AIM OF THE EXERCISE
Each record that follows is to be duplicated exactly, though its pictures are not.

--- SUPPLIED INFORMATION ---

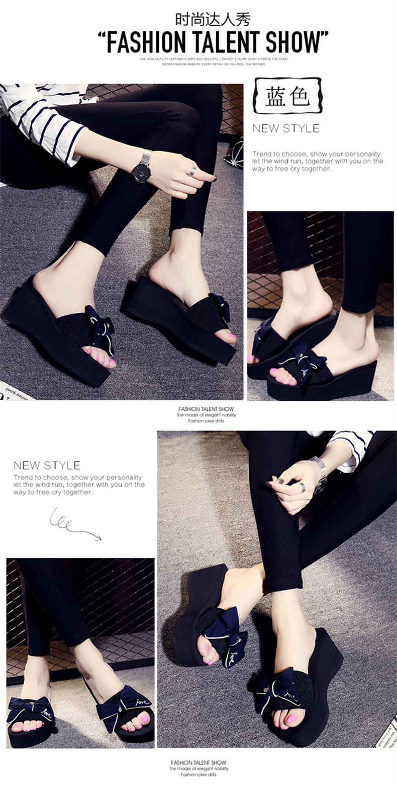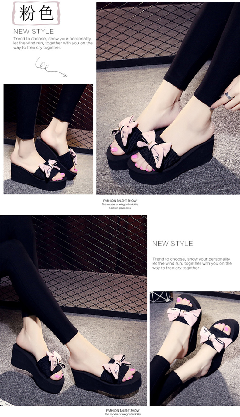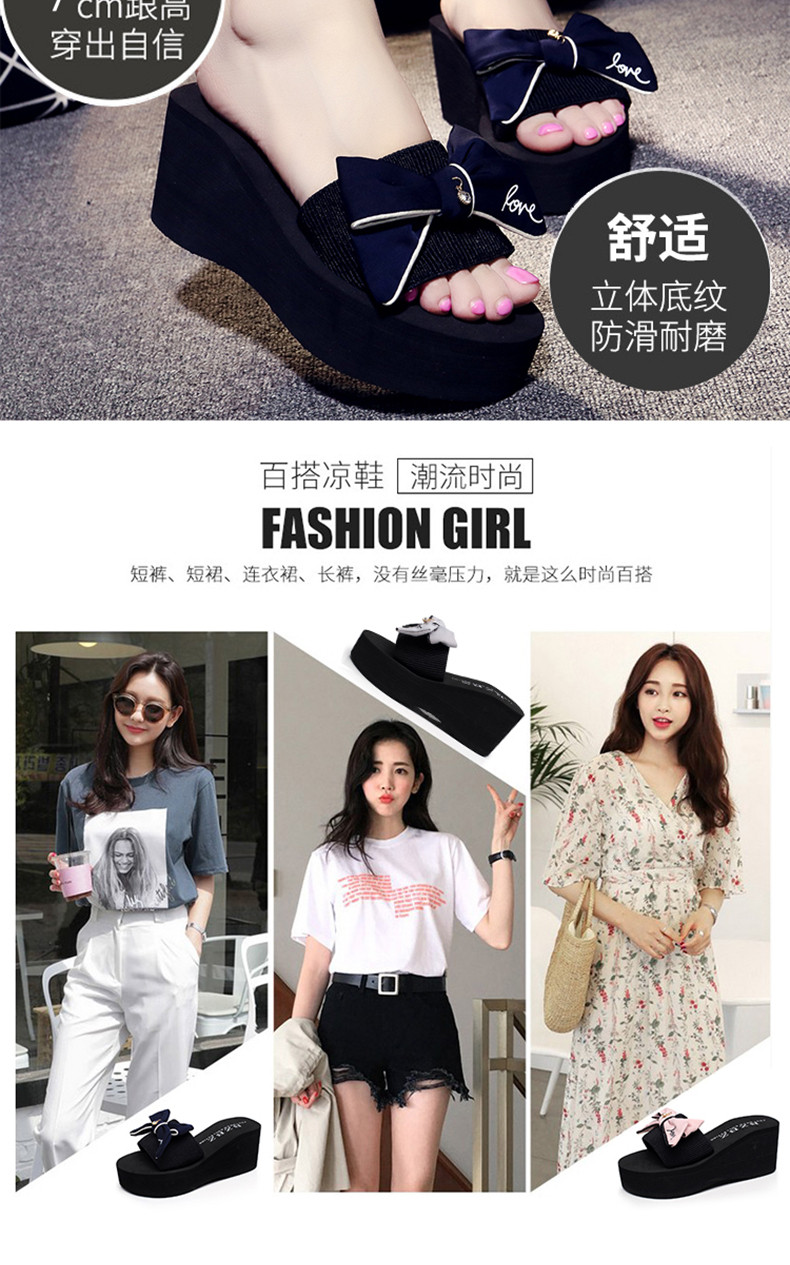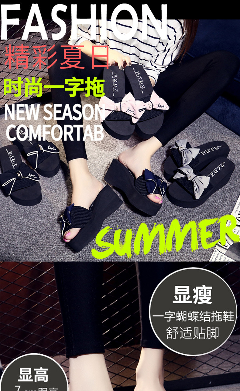 拖鞋女夏厚底蝴蝶结一字拖鞋韩版高跟时尚休闲沙滩鞋外穿坡跟凉拖
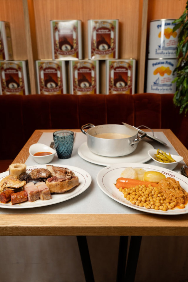 En las tabernas de Castizo honran la tradición madrileña elaborando sus cocidos con producto ecológico, de proximidad y una elaboración cuidada al detalle. Servido en sus tres vuelcos clásicos, comienza con una sopa de fideos intensa y reconfortante, elaborada a partir de un caldo reducido lentamente hasta alcanzar el equilibrio perfecto de sabor, para seguir con un segundo vuelco con garbanzos castellanos cultivado en Madrid, acompañado de patata, zanahoria, nabo y repollo ecológico, respetando la esencia de la receta de siempre y poniendo en valor la huerta cercana. El tercer vuelco es un festín para los amantes de la buena mesa con harrete, costilla y tuétano de vaca, pollo de corral, chorizo de Guijuelo,
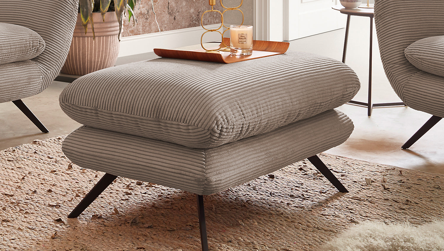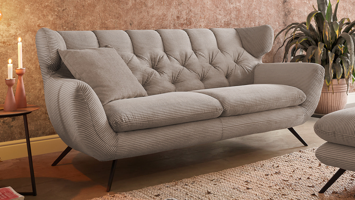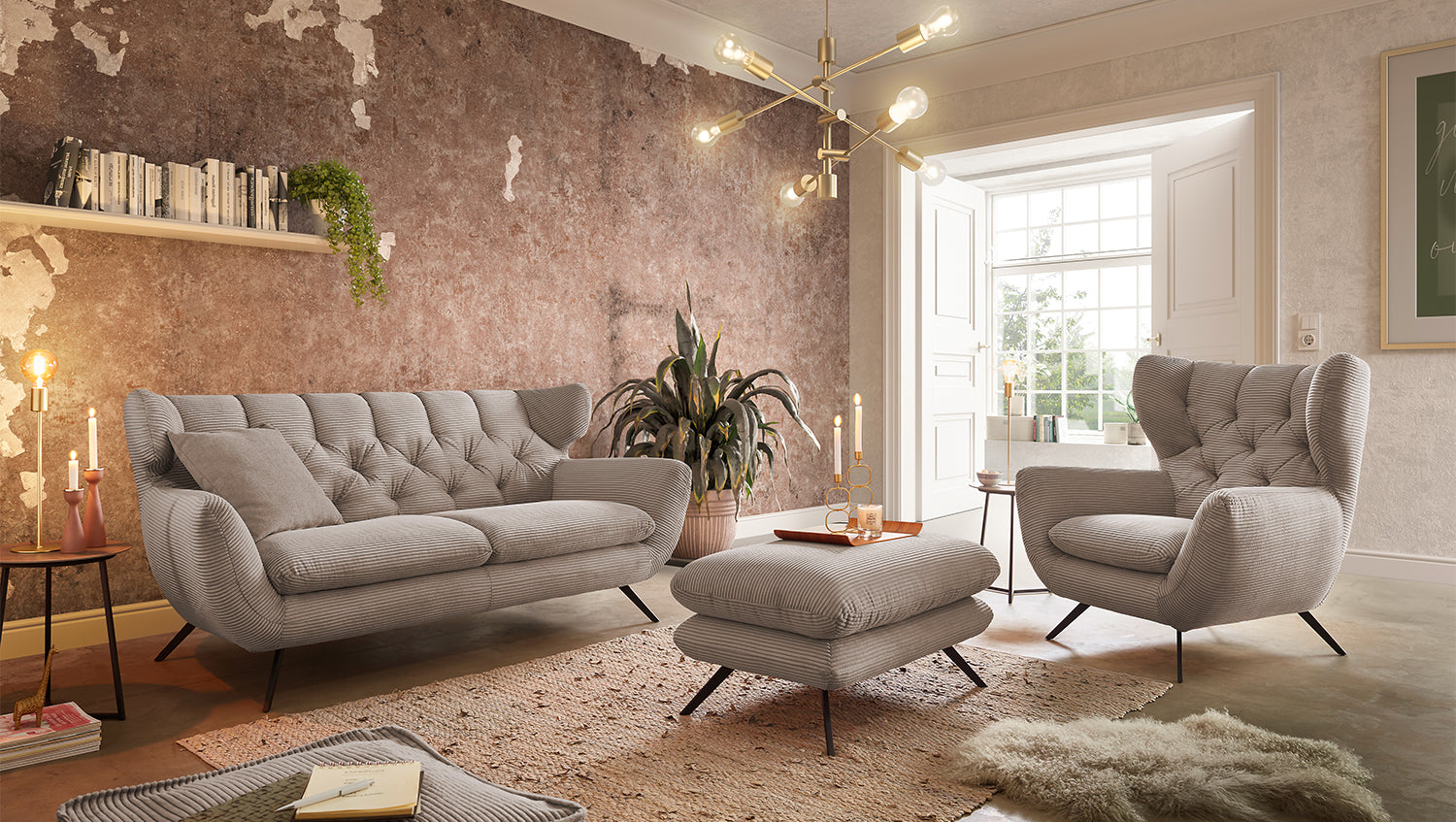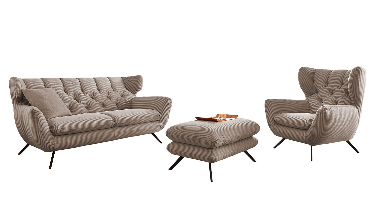 Die KAWOLA Sitzgruppe CHARME, bestehend aus einem Sofa, einem Sessel und einem Hocker, wurde komplett mit Cord überzogen. Auch der Rücken wurde mit Cord überzogen, so dass das Sofa und der Sessel bei Bedarf auch frei in den Raum gestellt werden können. Der Stil erinnert an die sechziger Jahre: Die Rücken des Sofas und des Sessels wurden aufwendig abgesteppt ohne Knöpfe; die Rückenlehnen wurden an den beiden Seiten leicht nach vorne gewölbt und erinnern an die Form eines Ohrensessels; die Füße aus schwarzem Metall sind leicht ausgestellt. Die Polsterung der KAWOLA Kollektion CHARME besteht aus PUR-Schaum und besticht durch ihren weichen und legeren Sitzkomfort. Die Sitzkissen passen sich der Körperform angenehm an. Wer nicht nur eine Sitzgelegenheit sucht, sondern ein ganz besonderes Highlight, der liegt mit der Sitzgruppe CHARME goldrichtig!
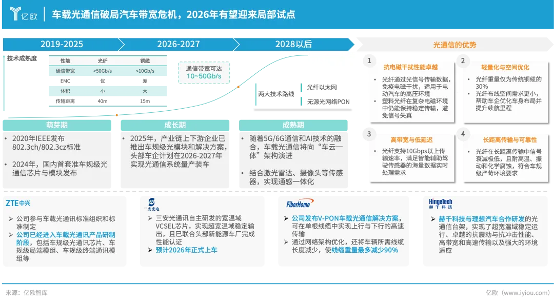 从产业节奏看,2019–2025年处于标准与产品验证期,IEEE标准发布、车规级芯片与模块落地,为工程化奠定基础;2026–2027年进入局部试点与量产导入窗口,通信带宽可达10–50Gb/s,头部车企开始在特定高端车型或子系统中尝试光通信架构;2028年以后,随着5G/6G、AI与“车—云—一体”架构深化,车载光通信有望与传感器体系深度融合,迈向成熟期。
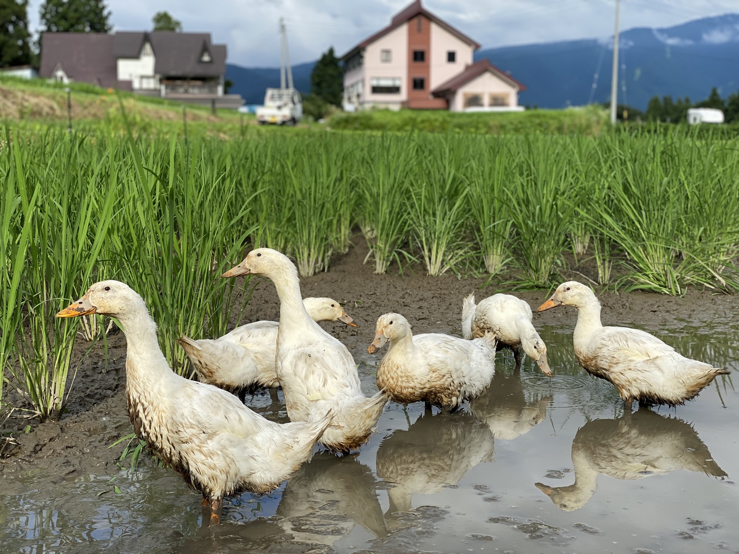 2020年からはあひる合鴨農法に取り組みました。あひると合鴨達が完璧な除草をしてくれて、稲に刺激を与えてくれたおかげで納得の農薬を使わない栽培のササシグレができます。

---

RESPONSE
 拖鞋女夏厚底蝴蝶结一字拖鞋韩版高跟时尚休闲沙滩鞋外穿坡跟凉拖
 En las tabernas de Castizo honran la tradición madrileña elaborando sus cocidos con producto ecológico, de proximidad y una elaboración cuidada al detalle. Servido en sus tres vuelcos clásicos, comienza con una sopa de fideos intensa y reconfortante, elaborada a partir de un caldo reducido lentamente hasta alcanzar el equilibrio perfecto de sabor, para seguir con un segundo vuelco con garbanzos castellanos cultivado en Madrid, acompañado de patata, zanahoria, nabo y repollo ecológico, respetando la esencia de la receta de siempre y poniendo en valor la huerta cercana. El tercer vuelco es un festín para los amantes de la buena mesa con harrete, costilla y tuétano de vaca, pollo de corral, chorizo de Guijuelo,
 Die KAWOLA Sitzgruppe CHARME, bestehend aus einem Sofa, einem Sessel und einem Hocker, wurde komplett mit Cord überzogen. Auch der Rücken wurde mit Cord überzogen, so dass das Sofa und der Sessel bei Bedarf auch frei in den Raum gestellt werden können. Der Stil erinnert an die sechziger Jahre: Die Rücken des Sofas und des Sessels wurden aufwendig abgesteppt ohne Knöpfe; die Rückenlehnen wurden an den beiden Seiten leicht nach vorne gewölbt und erinnern an die Form eines Ohrensessels; die Füße aus schwarzem Metall sind leicht ausgestellt. Die Polsterung der KAWOLA Kollektion CHARME besteht aus PUR-Schaum und besticht durch ihren weichen und legeren Sitzkomfort. Die Sitzkissen passen sich der Körperform angenehm an. Wer nicht nur eine Sitzgelegenheit sucht, sondern ein ganz besonderes Highlight, der liegt mit der Sitzgruppe CHARME goldrichtig!
 从产业节奏看,2019–2025年处于标准与产品验证期,IEEE标准发布、车规级芯片与模块落地,为工程化奠定基础;2026–2027年进入局部试点与量产导入窗口,通信带宽可达10–50Gb/s,头部车企开始在特定高端车型或子系统中尝试光通信架构;2028年以后,随着5G/6G、AI与“车—云—一体”架构深化,车载光通信有望与传感器体系深度融合,迈向成熟期。
 2020年からはあひる合鴨農法に取り組みました。あひると合鴨達が完璧な除草をしてくれて、稲に刺激を与えてくれたおかげで納得の農薬を使わない栽培のササシグレができます。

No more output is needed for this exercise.